1987 In a period of great economic euphoria, a highly qualified international panel discusses technological development. “What Mankind for what Progress?” is the question the speakers sought to answer: Zhou Guang Zhao, president of the Academy of the Sciences of the Chinese People’s Republic, Evgeny P. Velikov, vice-president of the Academy of the Sciences of the Soviet Union, Luigi Rossi Bernardi, president of the Italian National Research Council.

1988 Again a topic of paleoanthropology, and not just for specialists: “Religion in Prehistory: Neanderthal, Paleolithic, Neolithic”, with Marija Gimbutas, professor of European Archeology at the University of Los Angeles.

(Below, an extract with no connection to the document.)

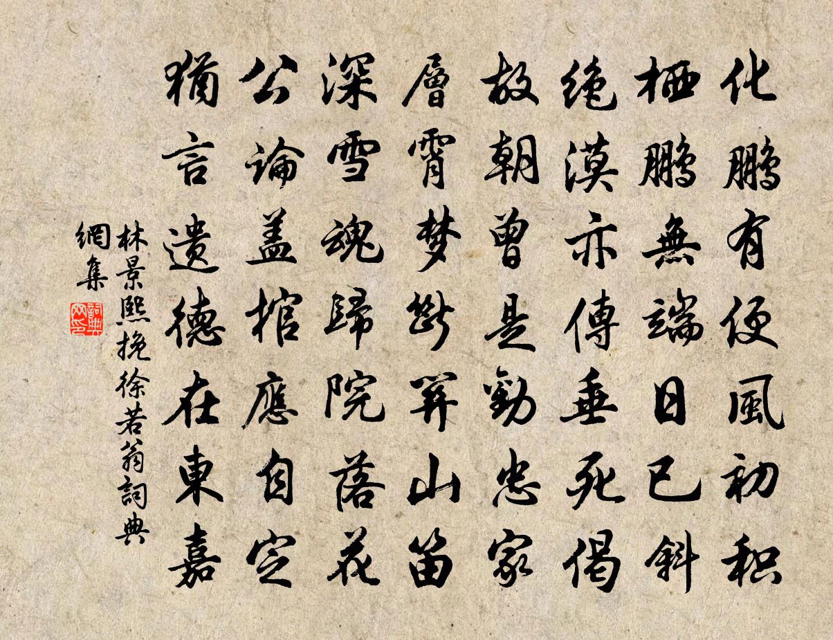 詩詞名句歷史字典書法欣賞書法字典國語詞典說文解字康熙字典古漢語字典標 題 作 者 詩 句 挽徐若翁作者:林景熙 朝代:宋代挽徐若翁原文化鵬有便風初積,棲鵬無端日已斜。絕漠亦傳垂死偈,故朝曾是勸忠家。層霄夢斷關山笛,深雪魂歸院落花。公論蓋棺應自定,猶言遺德在東嘉。詩詞問答問:挽徐若翁的作者是誰?答:林景熙問:挽徐若翁寫於哪個朝代?答:宋代林景熙挽徐若翁書法欣賞挽徐若翁書法作品詩詞推薦最多宜賀鑄〔宋代〕半解香銷撲粉肌。避風長下絳紗帷。碧琉璃水浸瓊枝。不學壽陽窺曉鏡,何煩京兆畫新眉。可人風調最多宜。高兄徐倉高弟和劉公之兩絕見寄再韻謝之杜范〔宋代〕我輩周旋實地中,此身窮處此心通。荷君一見如平素,跡未相親味已同。懶牛釋惟一〔宋代〕鼻繩拽脫了無拘,慵有餘兮頑有餘。芳草滿前渾不雇,眠雲臥月只如如。有懷十首劉子翬〔宋代〕風驚枯葦白花浮,欲下橫橋晚更留。惆悵不逢吳季子,一溪寒水帶煙流。松陵晚泊武衍〔宋代〕漭漭風濤外,天隨底處尋。碧雲千嶂暝,紅樹九秋深。故國荒城夢,空江倦客心。行藏那復計,篷月闖孤斟。會亭遇資政孫公赴闕公致仕已七年時召歸將有蔡襄〔宋代〕志節雖落落,不能無謗毀。壯年自雄豪,末路遽顛委。眾口方叢嘈,即欲置之死。公嘗為大臣,沈冤不辯理。恭惟朝中措(上錢知郡、符主管、朱知錄三首)趙長卿〔宋代〕南樓風物一番新。春暮畀斯民。豈但仁人愷弟,更兼政事如神。人生最貴,榮登五馬,千里蒙恩。祗恐促歸廊廟,留別王嘉叟檢正喻良能〔宋代〕四海望霖雨,一人須股肱。我本田家子,蹉跎將暮齡。相逢豈在早,一見蓋已傾。謂我雖禿犀,敝帚亦足稱。持獻阻水戲呈幾復二首黃庭堅〔宋代〕秋風落木秋天高,月入金樽動酒豪。過眼衰榮等昏曉,勿嗟遲速把心勞。寄答桂府黃殿院釋希晝〔宋代〕桂水在天末,登高生遠思。來書逢歲闕,去夢歷峰危。別浦珠全返,空台柏半衰。詩成見新月,幾負郡齋期。和子山種花文同〔宋代〕風流從事季長家,繞遍官居種盡花。應為清才無比敵,擬將文彩競春華。論語聞政章四首陳普〔宋代〕盡心盡性自儀刑,得有相知道可行。萬世無窮乾祿法,深勞子貢不推明。潭州留別杜員外院長韋迢〔唐代〕江畔長沙驛,相逢纜客船。大名詩獨步,小郡海西偏。地濕愁飛鵩,天炎畏跕鳶。去留俱失意,把臂共潸然。奉和御製千葉黃牡丹夏竦〔宋代〕千葉繁英吐異芳,中央瑞色藹清香。密攢鶯羽參差折,細疊霓裳次第黃。霧鎖天衣臨翠幄,露傾金盞瀝霞漿。聖明奉和李相公早朝於中書候傳點,偶書所懷奉呈呂溫〔唐代〕禁門留騎吹,內省正衣冠。稍辨旗常色,尚聞鐘漏殘。九天爐氣暖,六月玉聲寒。宿霧開霞觀,晨光泛露盤。致君寄和邢子屑孫肖之始春見寄王銍〔宋代〕東風初到亂山頭,無數殘梅雨未收。何待傷春對晴景,暝雲橫盡古今愁。失調名佚名〔宋代〕春色惱人眠不得。和之美舟行雜詩八首都門路司馬光〔宋代〕紅塵書夜飛,車馬古今跡。獨憐道傍柳,慘澹少顏色。古絕句四首佚名〔兩漢〕其一藁砧今何在,山上復有山。何當大刀頭,破鏡飛上天。其二日暮秋雲陰,江水清且深。何用通音信,蓮花玳瑁塞鴻秋·春情張可久〔元代〕疏星淡月鞦韆院,愁雲恨雨芙蓉面。傷情燕足留紅殘,惱人鸞影閒團扇。獸爐沉水煙,翠沼殘花片。一行寫入相思名句推薦龜游蓮葉上,鳥宿蘆花里。李白《姑孰十詠》 同惡相助,同好相留,同情相成,同欲相趨,同利相死。司馬遷《史記七十列傳·吳王濞列傳》 上林訊息好,鴻雁已歸來。張元乾《臨江仙·送宇文德和被召赴行在所》 瀚海百重波,陰山千里雪。李世民《飲馬長城窟行》 山驛淒涼,燈昏人獨寢。陸游《清商怨·葭萌驛作》 朝雲亂人目,帝女湘川宿。吳均《登二妃廟》 野臣潛隨擊壤老,日下鼓腹歌可封。鮑防《元日早朝行》 春江暖漲桃花水。畫舫珠簾,載酒東風裡。顧德輝《蝶戀花·春江暖漲桃花水》 滿地殘紅宮錦污,昨夜南園風雨。王安國《清平樂·春晚》 所作福德不應貪著。鳩摩羅什譯《金剛經·不受不貪》

1989 The theme of “Man, a Paradoxical and Curious Animal” is examined by Phillip V. Tobias, professor at the University of Johannesburg and famous for his studies of the appearance of the language with Australopithecus africanus, and Michael Waldstein, professor at the University of Notre Dame in Indiana and a member of the editorial board of the American magazine "Communio."
The participants in another encounter want even farther back in time: “With or Without Big Bang.” Francesco Bertola, professor of Astrophysics at the University of Padua, converses with the American astrophysicist Halton Arp, well-known for his “unaligned” positions, and with Franco Selleri, professor of the Institution of Theoretical Physics at the University of Bari.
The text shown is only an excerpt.